Приобретение лампы было, лишь одной из многочисленных забот, свалившихся на начальника охраны в этот трудный день, в итоге которого он чувствовал удовлетворение и в то же время ему было не по себе. К тому же, он устал, что уж вообще было ни к чему, учитывая предстоящее длительное путешествие на Север. Он то и дело вспоминал — себе в утешение — о двадцати пяти тысячах долларов, десять из которых, согласно уговору, получил сегодня от герцогини Кройдонской. Атмосфера была напряженная, насыщенная взаимной отчужденностью: герцогиня, поджав губы, держалась холодно-официально, Огилви же, плюнув на это обстоятельство, получил деньги и жадно запихал пачки в портфель. Рядом, нетвердо покачиваясь, стоял герцог — судя по затуманенным алкоголем глазам, он едва ли соображал, что происходит.

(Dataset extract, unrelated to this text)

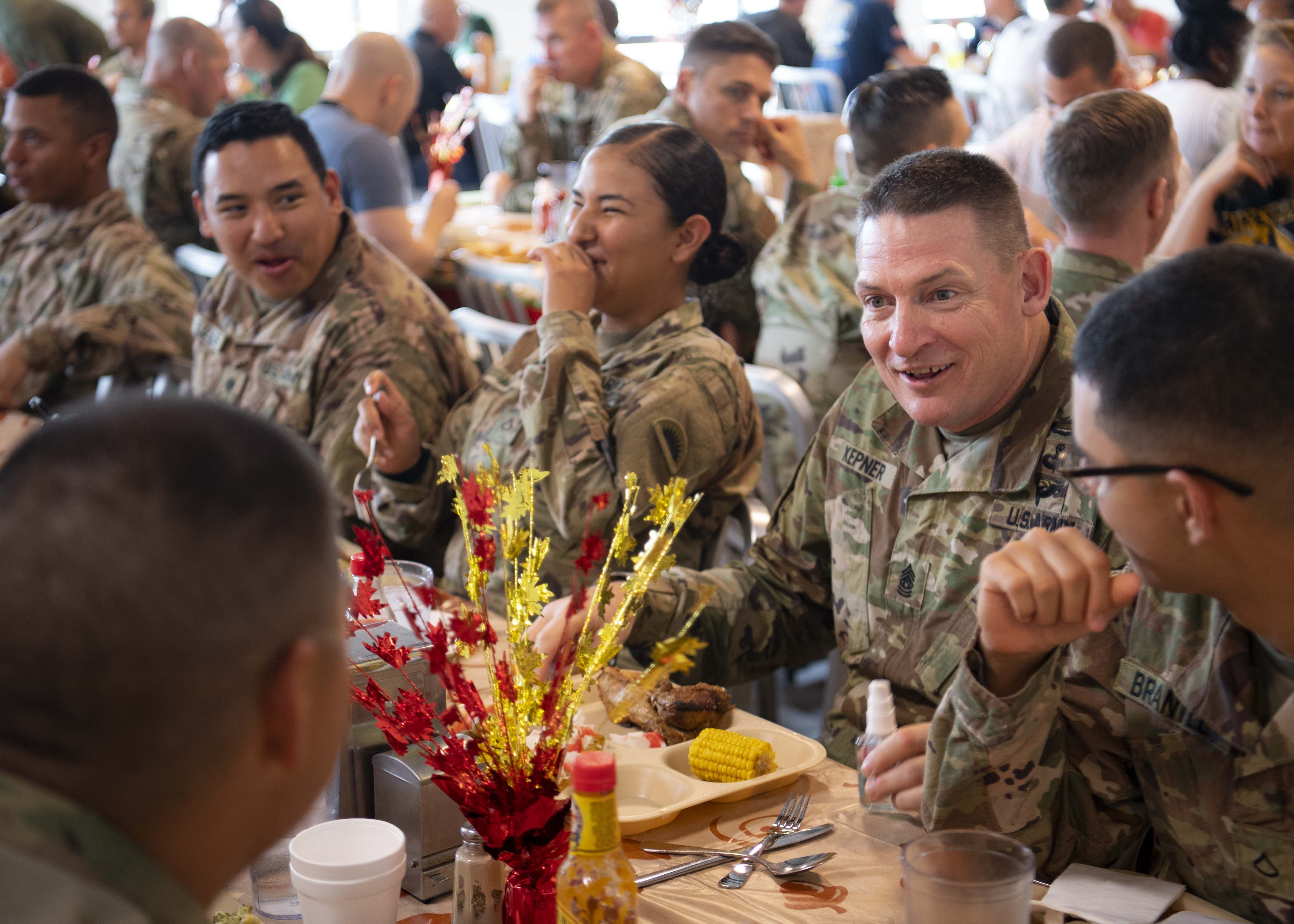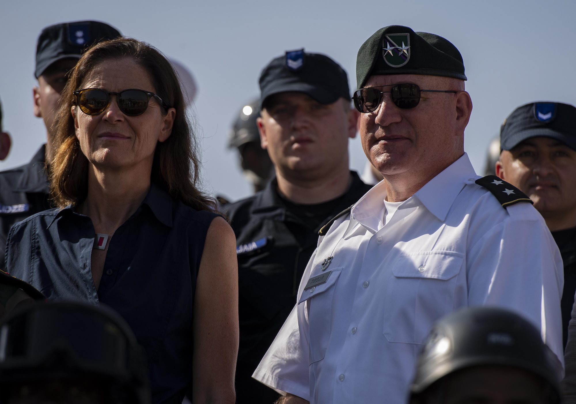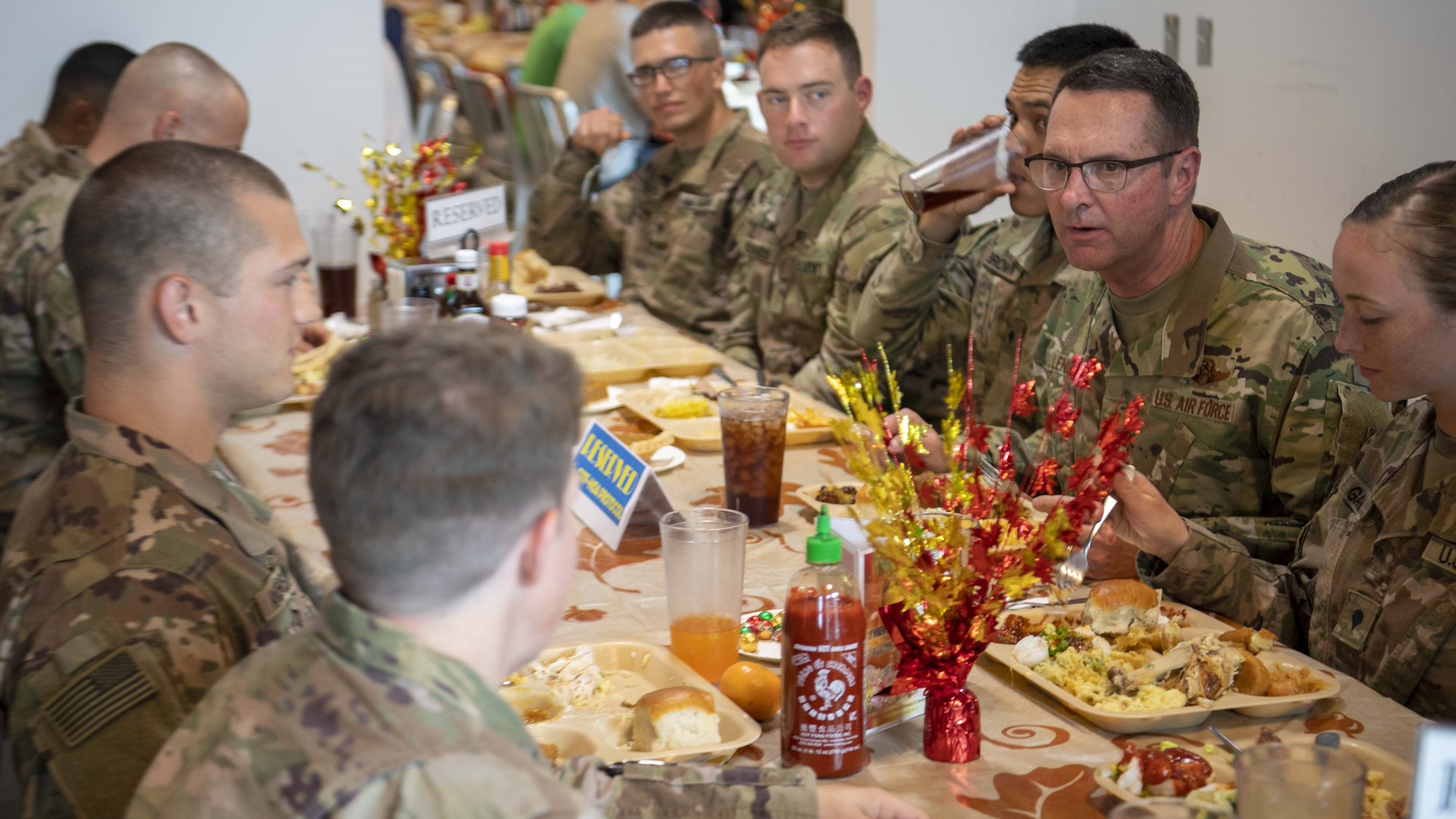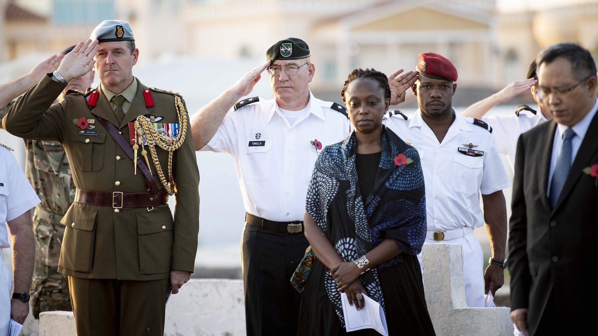 From left, U.S. Army Command Sgt. Maj. Shawn Carns, command senior enlisted leader (CSEL), Combined Joint Task Force-Horn of Africa (CJTF-HOA), U.S. Army Maj. Gen. Michael Turello, commanding general, CJTF-HOA, U.S. Navy Vice Adm. Luke McCollum, commander, Navy Reserve Force, chief, Navy Reserve, U.S. Navy Rear Adm. Endel Lee, deputy chief of chaplains, Reserve Matters, and U.S. Navy Master Chief Christopher Kotz, force master chief, Navy Reserve, pose for a group photo at Camp Lemonnier, Djibouti, Nov. 29, 2019. McCollum visited Camp Lemonnier to meet with deployed Navy Reserve sailors and other service members. (U.S. Air Force photo by Staff Sgt. J.D. Strong II)

Воспоминание о деньгах согрело душу толстяка. Они были надежно спрятаны — Огилви оставил при себе лишь двести долларов на всякий случай: в дороге всякое ведь может произойти.

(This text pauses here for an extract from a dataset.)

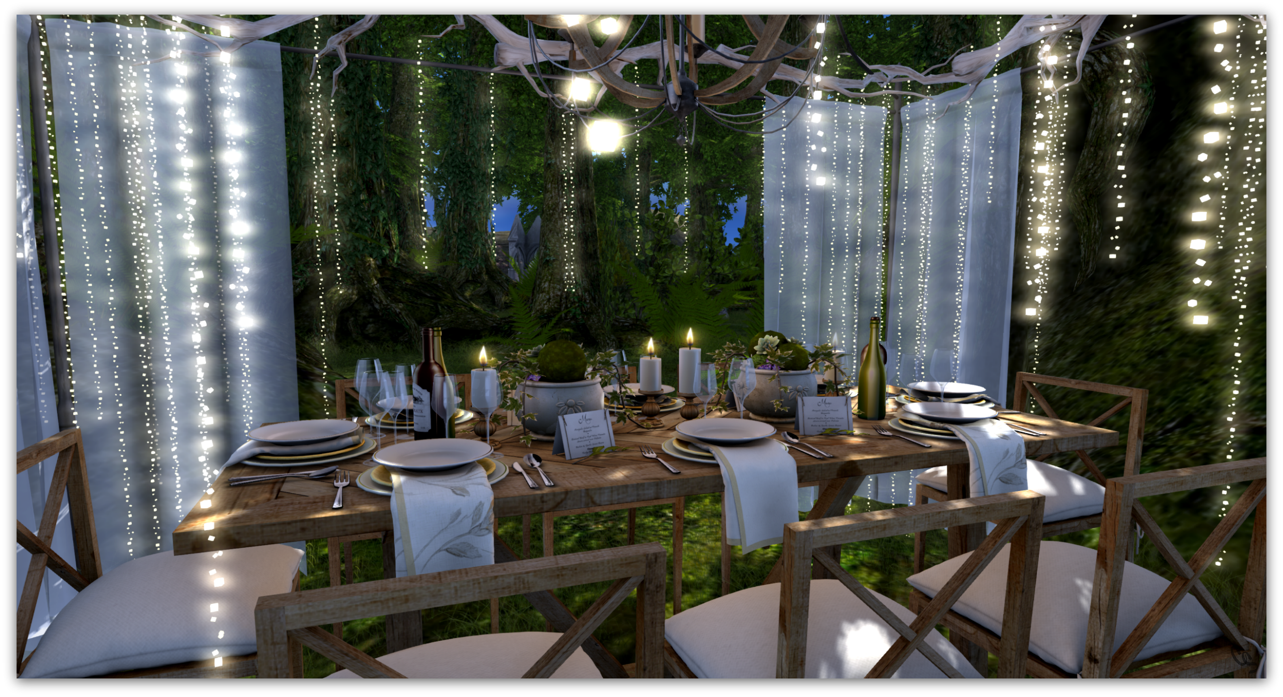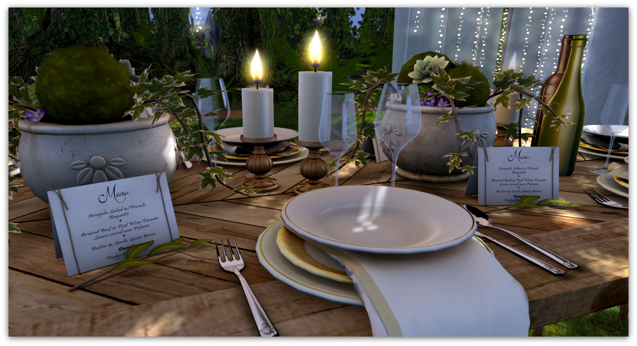 You can rezz out the complete set all at once with the rezzer provided, or use pieces individually, which is another plus. The set has an extensive animation menu for male, female and child, and there is a variety of food and drink choices. Everything you see in the photos is included except for the topiaries and sting lights.

Не по себе же ему было по двум причинам. Во-первых, он знал, что его ждет, если ему не удастся вывести «ягуар» за пределы Нового Орлеана и затем пересечь Луизиану, Миссисипи, Теннесси и Кентукки. Во-вторых, он помнил о словах Питера Макдермотта, настоятельно требовавшего, чтобы Огилви не отлучался далеко от отеля.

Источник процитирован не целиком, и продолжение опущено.